Discus are cichlids, they are going to be aggressive, it is their instinct. IMO, taking a dominant fish out of the tank for a while is only going to keep the problem going. When you put the fish back in it will try to regain dominance. Increasing the amount of discus will not make the problem go away but will spread the aggression out amongst the fish. Have you considered the benefit of a dominant aggressive fish in your tank? Everyone hates the bully until danger to the tribe comes along! If you really think you need to intervene in this behavior, I would trade the big discus in for the same size as the smaller ones, go with no less than 5 discus in the tank. Keep in mind if you have 2 discus pair off, you will see a whole new level of aggressive behavior.


----------



## plantbrain (Dec 15, 2003)

Well, they actually do taste good pan friend in butter.
But in LA, you should be able to sell them, get a small group of 2" fish and raise them up fast. Try selling them on Craig's list etc

I tend to rotate them and sell them off once they get full size. 
It's either that, or the pan

But I prefer to have larger groups, not just 2-3 fish, more like 10. 
It's harder to find 2-4 that will live together easily in a small tank. Bigger fully planted tanks work much better for large cichlids.

75-90 gal is the min size I'd keep them in personally. 

Regards, 
Tom Barr





sunkyokim said:


> I did what everyone told me and went out and bought a new discus to neutralize the two, but my blue diamond is still a HUGE bully. If you guys arent aware, i recently had an issue with my 2 discus. The lager one (2 inches-blue diamond) kept cornering the smaller one (1.5 inches-snakeskin). he didnt let him eat, or simply rest for that matter, kept on cornering him at the top of the tank by chasing him away if he tried to eat or even relax. SO...... i went out and bought another snakeskin (1.5 inches). they get along very well, but now the big guy is doing the same thing to both of them! MAN! he is one mean fish!
> 
> Last Night i tried to separate them and quarantined the bigger one in another tank that i have running.
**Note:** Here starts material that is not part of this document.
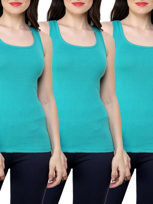 - » set 3 green solid cotton tank tees
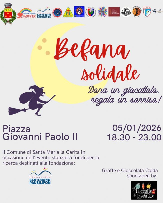 Lunedì 5 gennaio, dalle ore 18.30 alle ore 23 in piazza Giovanni Paolo II di Santa Maria la carità l'amministrazione comunale, l'associazione Piccolo Grande Amore e le altre realtà associative del territorio scendono in campo per strappare un sorriso e regalare un giocattolo nuovo ai bambini e alle bambine dei reparti di pediatria degli ospedali della zona, che verranno consegnati il giorno 6 gennaio dai delegati delle associazioni.

A few hours later, i tried to re-introduce him to the tank thinking that, he would reset his sense of territory and befriend the other fish....... and things were fine for all of last night.... but he's acting up again! what to do, what to do.....???? need some help guys! your suggestions are greatly appreciated.
> 
> ...


----------



## rajdinesh41 (Aug 14, 2011)

According to the United Kingdom's Tropical Fish Centre, discus fish are most likely to attack each other when there are only three or less of them. A solitary discus will also menace the other fish. A minimum size tank should be 40 gallons in order to comfortably house four adult discus.

Read more: Are Discus Fish Aggressive? | eHow.com http://www.ehow.com/about_5213135_discus-fish-aggressive_.html#ixzz1UyciZ6ac


----------



## discuspaul (Jul 27, 2010)

Gosh, this problem is rather quite easily fixed. You didn't tell us the size of your tank, but it should be at least 55 gals. If it is, you just need to add 3 more discus of approx. the same size as the others.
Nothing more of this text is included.